__Description of the task__:
Using the listing below, retype only the lines from the line with "Oxblood red pleated" through the end, both ends included, and exclude the pictures.

__Source data__:
+ + + + +

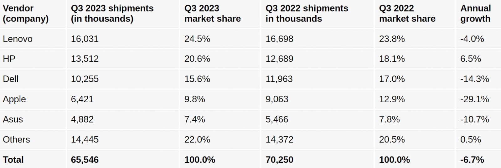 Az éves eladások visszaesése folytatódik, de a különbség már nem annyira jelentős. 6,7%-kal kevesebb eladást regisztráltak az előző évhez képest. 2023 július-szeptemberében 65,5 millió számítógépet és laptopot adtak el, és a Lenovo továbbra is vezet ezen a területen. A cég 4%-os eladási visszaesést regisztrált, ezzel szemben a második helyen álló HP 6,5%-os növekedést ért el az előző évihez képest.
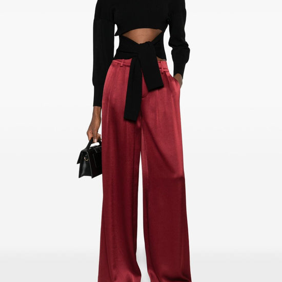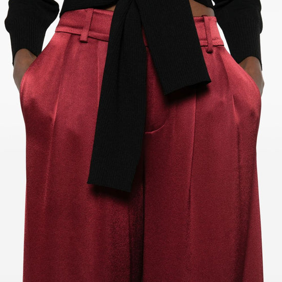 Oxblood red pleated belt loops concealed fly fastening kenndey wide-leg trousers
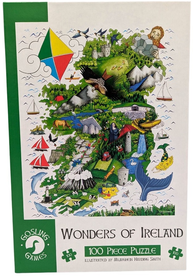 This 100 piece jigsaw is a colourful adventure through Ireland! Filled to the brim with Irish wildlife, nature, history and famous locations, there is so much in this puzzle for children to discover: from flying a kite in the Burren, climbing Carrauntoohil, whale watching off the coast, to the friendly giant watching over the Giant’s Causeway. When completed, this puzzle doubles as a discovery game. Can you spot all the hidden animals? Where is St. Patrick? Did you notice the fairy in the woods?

+ + + + +

__Solution for this exercise__:
 Oxblood red pleated belt loops concealed fly fastening kenndey wide-leg trousers
 This 100 piece jigsaw is a colourful adventure through Ireland! Filled to the brim with Irish wildlife, nature, history and famous locations, there is so much in this puzzle for children to discover: from flying a kite in the Burren, climbing Carrauntoohil, whale watching off the coast, to the friendly giant watching over the Giant’s Causeway. When completed, this puzzle doubles as a discovery game. Can you spot all the hidden animals? Where is St. Patrick? Did you notice the fairy in the woods?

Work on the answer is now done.